Well, if AMD had taken the need to get their GPGPU offering out the door seriously or if they had later taken the need for CUDA compatibility seriously then Nvidia would have had to compete.
Alas, we're talking about a company that doesn't even think it's important for their installer to reliably replace existing drivers. The result: I get to pay through the nose for my predecessor's CUDA lessons. Yay.
I love awk. I once had to search a multi-megabyte hunk of data that was made up of 25-bit data items packed into 32-bit words. Instead of doing bit packing and unpacking, I converted the words into 32 character strings of 1's and 0's. I ended up with a string 300,000,000 (that's three hundred million) characters long!!! Awk had no problems handling it.
To build the string, I had to concatenate 1024 of the 32 characters strings to an intermediate string, and then concatenate these into the final monster, because concatenate just the 32 character strings took too long - a reallocation after every concatenation.
I believe this is an example of the sort of thing that the essay author complained about.
Bit-packing is simple.

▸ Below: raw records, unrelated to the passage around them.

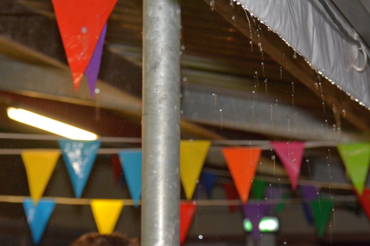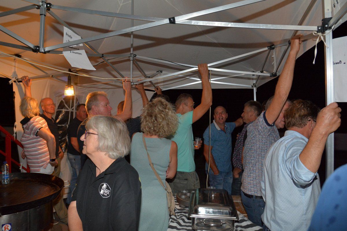 Even leek regen, onweer en wind roet in het feest te gooien, maar de partytent voor de hamburgers en braadworsten van Slager van de Pol kon met enige mankracht overeind gehouden worden.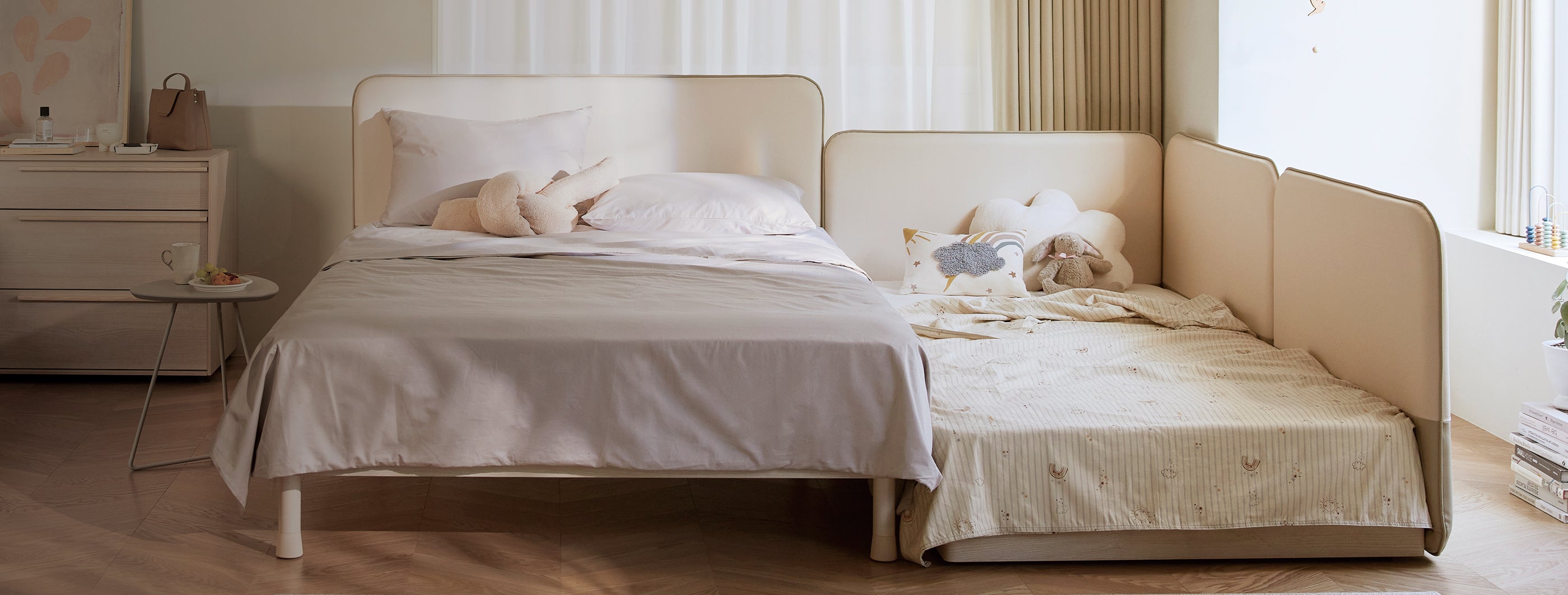 為滿足小孩與成人的多元需求,iloom 特別推出CUSINO 親子床組,提供有床腳與無床腳的選擇。無床腳設計方便兒童活動,而安裝床腳則可提升高度,適合成人使用,搭配護欄更添安全性。護欄採用柔軟材質並結合圓弧曲線收邊,不僅美觀,還可靈活組合,滿足不同使用需求,讓全家人享受舒適安心的睡眠體驗。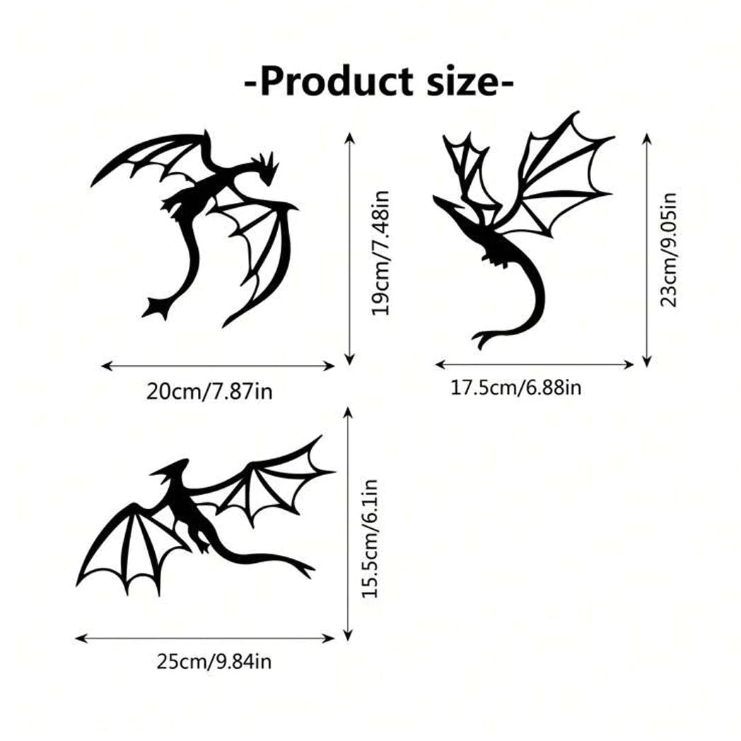 Flying Dragon Wall Art Set of 3 – Black Iron Metal Fantasy Decor for Home, Office, or Garden

You spent a lot of time working around problems that shouldn't have existed in the first place. Even when using the approach you described, here is Python code which does what you described:
>>> byte_to_bits = dict((chr(i), bin(i)[2:].zfill(8)) for i in range(256))

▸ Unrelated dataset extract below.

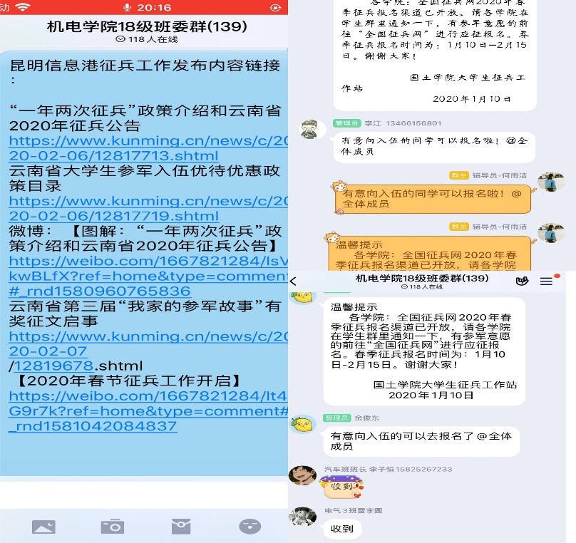 三是征兵工作。自大学生征兵工作启动以来,学院严格落实全国、全省大学生征兵工作要求,开展了大量征兵宣传和动员工作,着力发挥微信平台、QQ平台的作用,广泛宣传征兵工作相关事宜,增强学生爱我国防的意识。疫情期间,依托“腾讯会议”平台召开会议,讨论征兵工作细节,并对征兵工作进行安排,设立专人负责征兵工作,经过各方面动员,截止3月份,学院共45名学生通过当地武装部、网上报名通道等进行了入伍报名。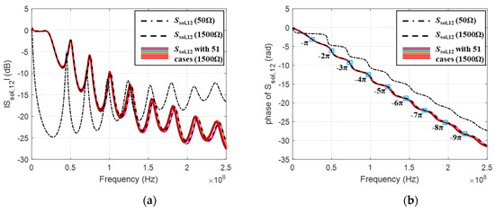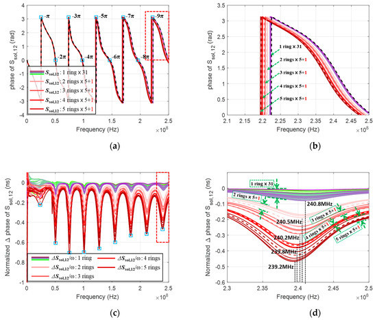 Figure 8 shows the magnitude and phase of the transmission S-parameter, Ssol,12, of the single-layered solenoid. One can find that the transmission characteristic has been significantly enhanced with 1500 Ω reference impedance as compared with 50 Ω reference impedance; for Ssol,12 with 1500 Ω reference impedance, the magnitude increases significantly in the low-frequency range up to ~100 MHz, and the phase decreases more linearly than Ssol,12 with 50 Ω reference impedance. This could suggest that the characteristic impedance of the single-layered solenoid would be close to 1500 Ω, not to 50 Ω in this specific frequency range up to 100 MHz. After ~100 MHz, the magnitude of Ssol,12 decreases more, but the phase keeps linearity up to ~250 MHz, as seen in Figure 8b. The Ssol,12 signals with degraded insulator (51 1–5 rings) are also shown in Figure 8 with 1500 Ω reference in various colors. Nevertheless, it is observed that the Ssol,12 signals are overlapped and become a thick trace, where it is not easy to identify each line. To identify the traces more clearly, the phase difference in Ssol,12, between the healthy and degraded solenoids, was calculated using Equation (8). Figure 9a shows the phase of Ssol,12 with 1500 Ω reference impedance, which has been wrapped between −π and π, and the nine points for the multiples of −π are indicated as sky blue colored squares. It can be seen that the curves get thicker as the frequency increases, which means that the differences are getting larger as the frequency increases.

>>> as_bits = "".join(byte_to_bits[c] for c in open("benzotriazole.sdf").read())
>>> chr(int(as_bits[:8], 2))
>>> chr(int(as_bits[8:16], 2))
This keeps everything in memory, since 300MB is not a lot of memory. If it was in the GB range then I would have written to a file instead of building an in-memory string.
The run-time was small enough that I didn't notice it.
The thing is, you succeeded in solving the problem, and are justly proud of your success. This is how a lot of scientists feel. But a lot of CS people look at the wasted work when there are simpler, better, more maintainable ways.